After PRs #203 + #204 merged, every install was stuck at "Joining <handle>…" with no peers visible — neither side could see the other. User-confirmed reproduction:

2026-05-28T02:42:38.336065Z  INFO daemon starting version="0.1.2" networks=0
2026-05-28T02:42:38.336598Z  INFO mesh opened device_id=...
2026-05-28T02:42:38.336720Z  INFO identity ready device_id=...
2026-05-28T02:42:38.336919Z  INFO control socket listening target=Name("myownmesh.sock")
daemon: own-LLM daemon up

Daemon healthy, control socket bound, identity loaded — but networks=0 and the UI never advances past phase=starting.

Root cause

Two gaps the Phase B PRs left behind (the unticked C-1 / C-6 checkboxes in #203):

  1. meshClient.start() was never called.
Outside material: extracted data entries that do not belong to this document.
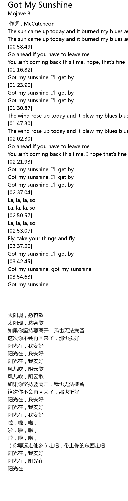 | [03:46.45] | Got my sunshine, got my sunshine |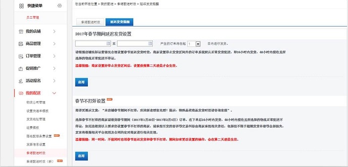 A:進(jìn)入商家后臺(tái)>我的配送>承諾配送時(shí)效>延遲發(fā)貨提醒,設(shè)置“2018年春節(jié)期間延遲發(fā)貨設(shè)置”或者勾選“春節(jié)不打烊設(shè)置”(只能選其一),設(shè)置時(shí)請(qǐng)仔細(xì)閱讀設(shè)置頁(yè)面上的提示內(nèi)容,設(shè)置完成后點(diǎn)擊“啟用”按鈕開(kāi)啟相應(yīng)功能。啟用后如需更改所設(shè)置內(nèi)容,可點(diǎn)擊“重置”按鈕后進(jìn)行重新設(shè)置,設(shè)置完畢后點(diǎn)擊“修改”按鈕重新開(kāi)啟; 也可直接更改原設(shè)置,更改后點(diǎn)擊“修改”按鈕重新開(kāi)啟。啟用后如需停用所設(shè)置的內(nèi)容,可直接點(diǎn)擊“停用”按鈕。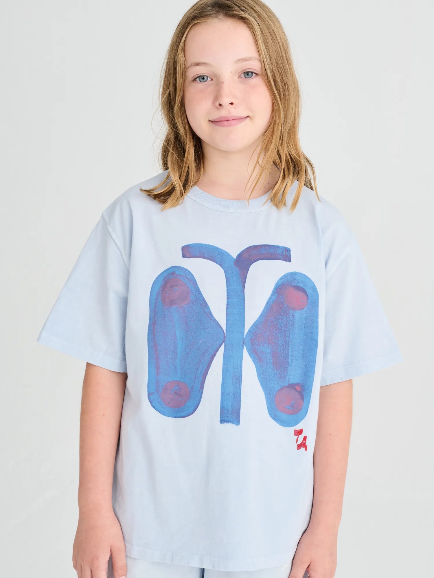 Butterfly Strokes T-shirt is made of 100% organic cotton and it features a striking butterfly print, captured in a blend of blue hues. This short sleeve t-shirt is designed with round neck and dropped shoulders. It has a relaxed fit. Made in Spain.

App.svelte:230 calls meshClient.reconcile() at boot. In the legacy mesh-client.svelte.ts (Trystero) this kicked off the room join. The new mesh-daemon.svelte.ts::reconcile() just re-snapshots peers — it never subscribes to mesh://event, never installs RPC handlers, never advances phase past off. grep -rn "meshClient.start" src/ returned only the definition.
  2. The frontend's saved-network catalog was never pushed into the daemon. config.ts::addNetwork / setActiveNetwork / removeNetwork mutated ~/.myownllm/config.json only; no mesh_daemon_network_add call existed anywhere. Even after fixing (1), start() would dead-end at joined_networks[0] ?? "" because the daemon's own config under MYOWNMESH_HOME=~/.myownllm starts empty after the migration.

Fix

src/ui/App.svelte — boot calls meshClient.start() instead of meshClient.reconcile(). start() owns event subscription, peer snapshot, RPC handler install, capability publish — the full bring-up.

src/mesh-daemon.svelte.ts

  • start() bootstraps the daemon's joined-network set from the frontend's active network via syncActiveNetworkToDaemon. Single-active-network UX, so any other daemon-joined networks get dropped to keep state aligned with what the LLM displays.
  • start() serialised through an inflightStart promise so a boot call + an early settings click can't double-bootstrap and leak the first event listener.
  • start() gains a bounded retry on mesh_daemon_status so the brief race window between Tauri's setup() returning and the async daemon-spawn task calling app.manage() doesn't surface as a hard error.
  • reconcile() now detects an active-network switch (Switch button, addNetwork({activate:true})) and does a full stop() → start() so handler claims rebind under the new this.network and the daemon leaves/joins as needed. Same-network refresh path retained.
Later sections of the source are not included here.